To be clear, it’s not just that “a” certificate expired… SSL certificates are stored as chains where each certificate is signed by an intermediate certificate and the intermediate certificate is signed by a root certificate. There are only a couple dozen widely-recognised root certificates in existence (so your browser and OS don’t need to know the certificates of potentially millions of web sites). This problem came about because one of those root certificates (and a very widely used one) expired. Normal SSL certificates expire relatively frequently (generally under a year, almost always under 3 years; Let’s Encrypt is by default 90 days), but the root certificates generally have expiration dates on the order of 20-25 years.

(The catch is every time something like this happens people say “next time, we’ll do better” and they probably intend to, but 15 years can be quite a long time to keep those intentions over).

kdaud · October 18, 2021, 7:57pm

“Next time” will be in 2035.

I was guessing 2025

Hopefully by then things will be smoother.

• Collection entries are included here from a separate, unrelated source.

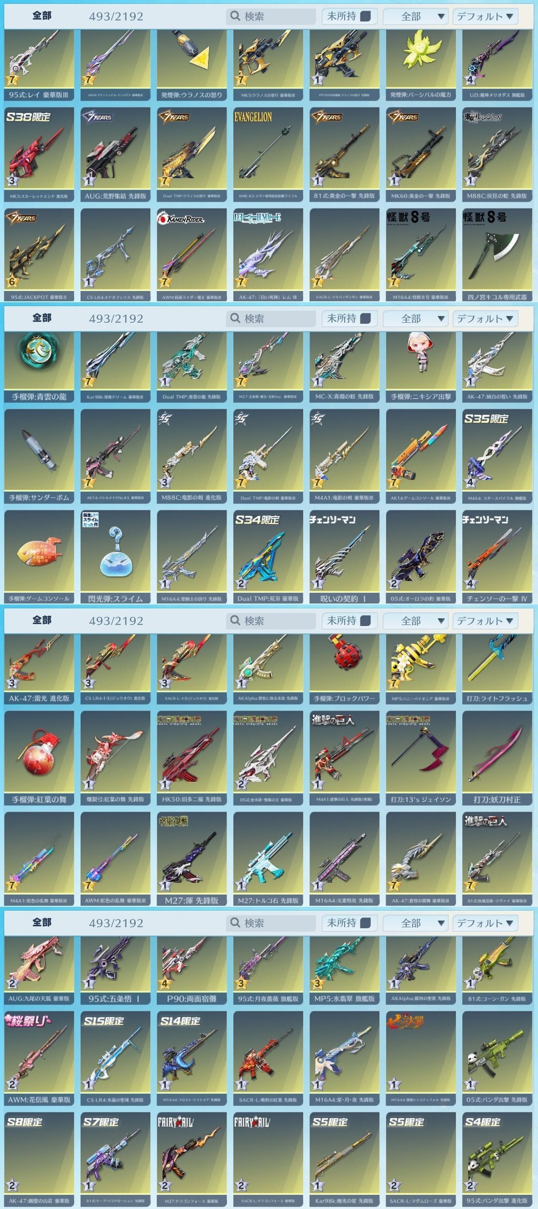 アカウント特定防止といった観点から主なスキンを抜粋して掲載しております。
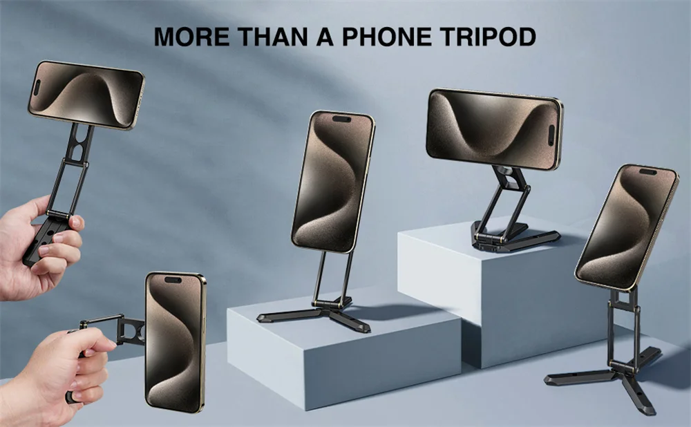 Ángulo libre de tres pliegues ajustable✅El diseño triple incluye una altura de extensión adicional y un agarre más grande para mayor comodidad. Su longitud se ajusta sin esfuerzo desde 3,15 pulgadas (80mm) hasta 10,24 pulgadas (260mm), mientras alcanza una elevación máxima expandida de 7,1 pulgadas (180mm), Y cada ángulo de plegado admite 310 °, 360 °, 180 ° de ajuste. Con un pivote giratorio de 360 grados en la parte inferior, este mini trípode para teléfono permite ubicar fácilmente la cámara del teléfono en posiciones superiores, ascendentes, verticales y otras posiciones de disparo
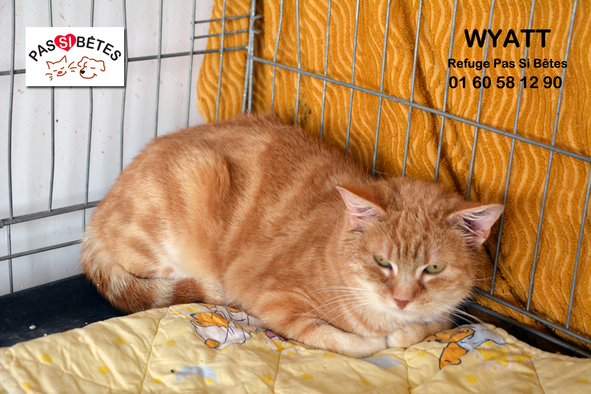 Wyatt vivait dans la rue. C’est un chat joueur, calme et qui apprécie sa tranquillité. Il conviendrait à un couple avec de grands enfants ou des enfants calmes car le bruit le stresse.
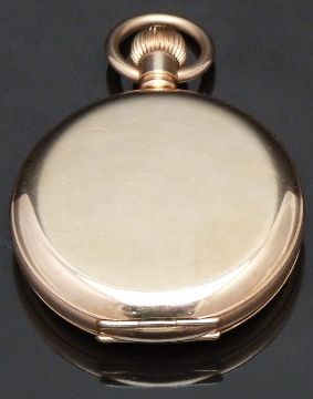 Lancashire Watch Co Ltd of Prescot England gold plated keyless winding full hunter pocket watch with inset subsidiary seconds dial, blued hands, black Roman numerals, white enamel dial and signed movement, case diameter 50mm, serial number 723344.
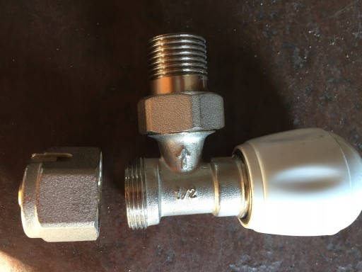 Zawór grzejnikowy Poker, kątowy, ze śrubunkiem 13 mm (1/2"), do rur stalowych, marki EMETTI
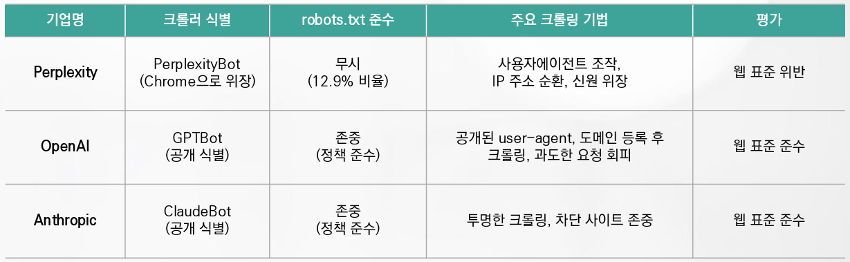 2025년 상반기 Perplexity 등 AI 기업의 robots.txt 우회 및 신원 위장 크롤링 기법 적발
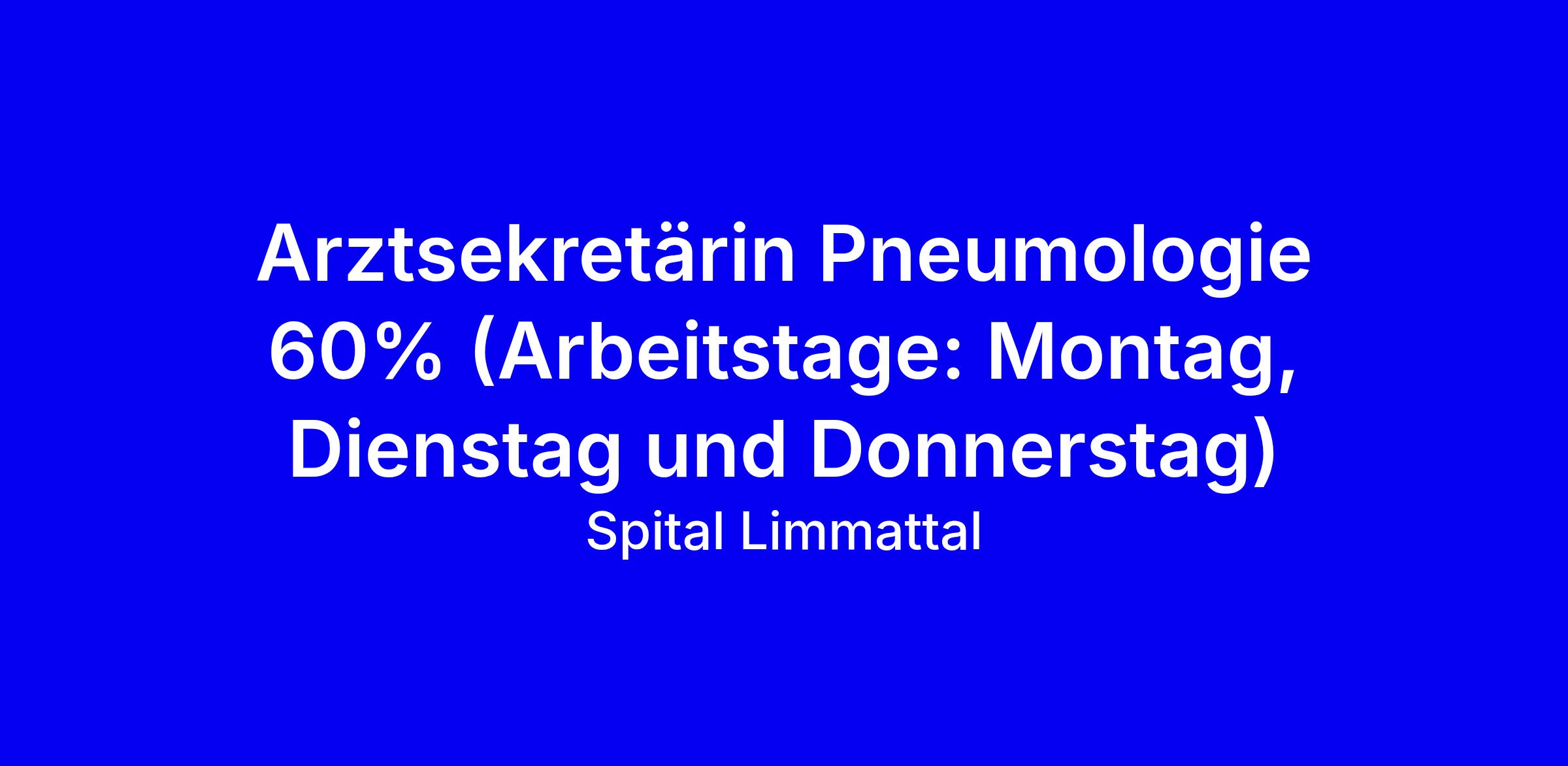 Die ausgeschriebene Stelle ist eine Arztsekretärin Pneumologie in 60% Arbeitszeit mit festen Tagen Montag, Dienstag und Donnerstag am Spital Limmattal in Schlieren. Zu Ihren Aufgaben gehören Sprechstundenorganisation, Patientenempfang und Terminvergabe, das Schreiben von Sprechstundenberichten, der elektronische Versand von Arztberichten, allgemeine administrative Sekretariatsarbeiten, der telefonische Kontakt mit Patienten sowie internen und externen Ansprechpartnern, Materialbereitstellung und Wartung von Geräten. Gesucht wird eine abgeschlossene kaufmännische Ausbildung mit Weiterbildung als Arzt- und Spitalsekretär/in, Organisationstalent, serviceorientiertes Auftreten, Freude am Umgang mit Patienten, sehr gute Deutschkenntnisse und die Fähigkeit zu selbständigem Arbeiten in interdisziplinärer Zusammenarbeit. LIMMI bietet eine familiäre Atmosphäre, moderne Arbeitsplätze und attraktive Mobilitätsvorteile. Tipps: heben Sie pneumologiebezogene Erfahrungen, Termin- und Berichtserstellung, elektronischen Versand und Patientenservice hervor, bewerben Sie sich zeitnah.
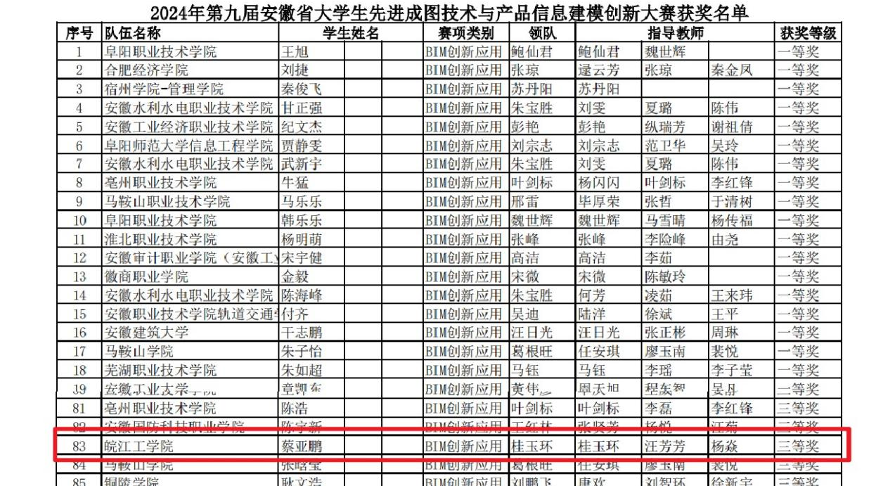 2024年6月08日比赛成果公布,我院由桂玉环、杨焱、汪芳芳教师指导的一支队伍在此次省赛中荣获三等奖。成图大赛由安徽省教育厅主办,并由合肥工业大学承办,安徽省图学学会协办,因此赛事级别属于B类赛事,每年都有一千多支队伍赶到现场参加省赛,在此次BIM创新应用赛道学生们能够脱颖而出荣获三等奖,已实属不易。管院指导教师们必将再接再励,争取在下一届带队参赛的同学们中带出更好的成绩!
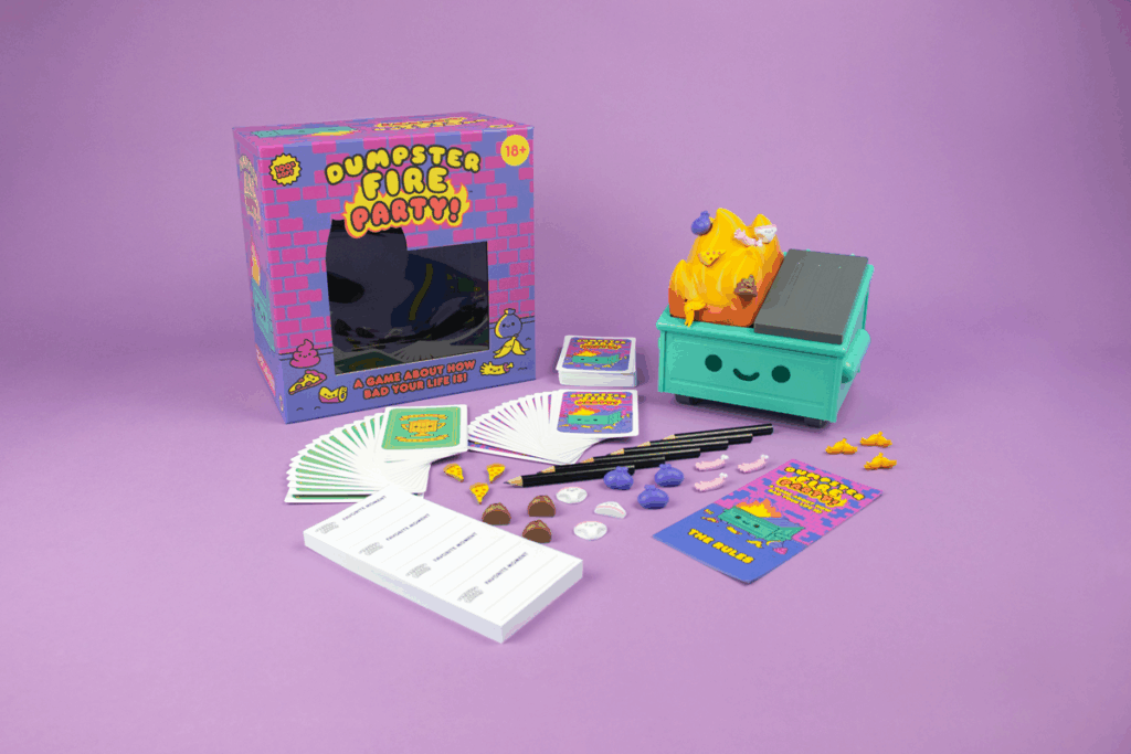 The game where you compete to see who’s life is the biggest dumpster fire: it comes with a toy dumpster to keep the pieces in and prompt cards asking players to tell their most trash stories about bad roommates, horrible first impressions, being broke, and then the most insane stories receive award cards. It also comes with magnetic trash charms like little bags of poop. This is the gift for your friend with the most insane tales.
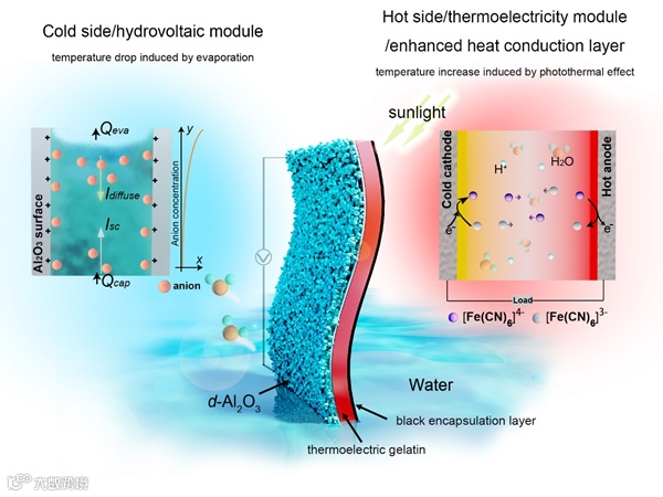 中国科学院苏州纳米技术与纳米仿生研究所的张珽研究员团队在前期湿气驱动的自供能柔性可穿戴传感系统(Nano letters. 2019,19,5544-5552.)、用于柔性传感器件能源供给的水伏发电机(Nano Energy. 2020,72,104663.)以及可利用汗液发电的水伏发电机(Nano Energy., 2021, 85, 105970.)等工作基础上,将柔性离子热电(i-TE)明胶材料与多孔Al2O3水伏发电机结合,利用它们的协同作用构建了一种热传导增强型柔性水伏发电系统。在该系统中,i-TE材料可有效改善水伏发电机与环境之间的热传导。同时,水蒸发消耗热量提供了可靠的温度梯度,为热电模块提供稳定的温差用于产能。此外,该系统可以利用光热转换提升水伏发电机的温度,将输出电压提升至6.4V。
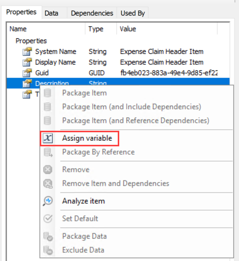 - Right-click the relevant property and select Assign variable. (If the Assign variable option does not appear, the field is not a property for which you can assign a variable.)
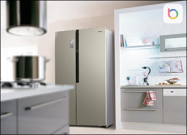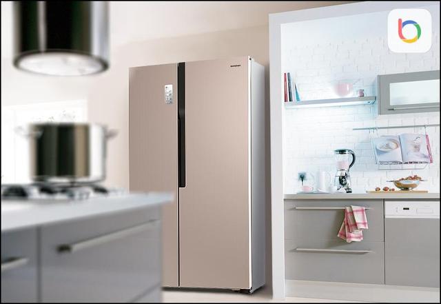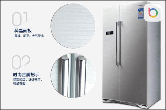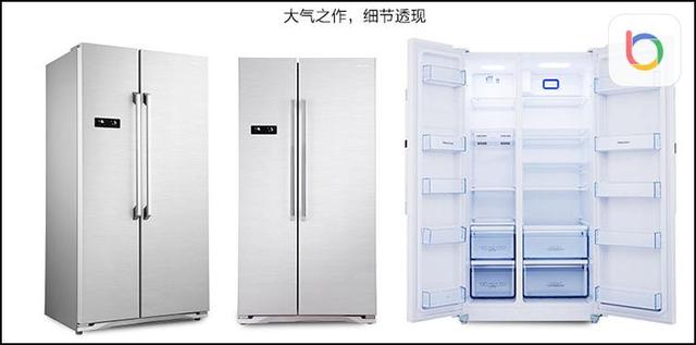 风冷定频压缩机,容量563升,其中冷冻室192升,冷藏室369升。智能调节保湿、控温,更加节能。带有MoreFresh保鲜系统,保持食物新鲜并且去除异味;独立双循环,可以起到保鲜且不串味;并且带有速冷模式,快速降温至2度,约6小时恢复常温;冷冻能力12KG/24h,1级能效,尺寸(深*宽*高)914*734*1766mm。 售价方面,苏宁易购出现过2399的低价,当然这个不一定一直有,日常售价2499较多。 (4) Hisense 海信 BCD-565WT/B 对开门冰箱,2900元

IT infrastructures are changing every single day with the magic of open source development.

Well, by that time won’t take me 3 days as I took figuring out the issue. By then I guess will only require me less than an hour to discover the snag and fixing it.

ibacher:

To be clear, it’s not just that “a” certificate expired… SSL certificates are stored as chains where each certificate is signed by an intermediate certificate and the intermediate certificate is signed by a root certificate. There are only a couple dozen widely-recognised root certificates in existence (so your browser and OS don’t need to know the certificates of potentially millions of web sites). This problem came about because one of those root certificates (and a very widely used one) expired. Normal SSL certificates expire relatively frequently (generally under a year, almost always under 3 years; Let’s Encrypt is by default 90 days), but the root certificates generally have expiration dates on the order of 20-25 years.

(The catch is every time something like this happens people say “next time, we’ll do better” and they probably intend to, but 15 years can be quite a long time to keep those intentions over).

Thanks @ibacher for providing a wider scope that has equipped me with more info on the subject

kdaud · December 21, 2021, 3:04pm

Of recent, the task of Publishing results to cucumber studio started failing. It has been 2 months since @ibacher updated the SSL certificates on the server and things were running well however, certificate verification is now failing the build plan as per this log for QA Framework module.

cc: @sharif @dkayiwa

dkayiwa · December 21, 2021, 3:12pm

Do we seriously use those reports? Or should we just get rid of that task?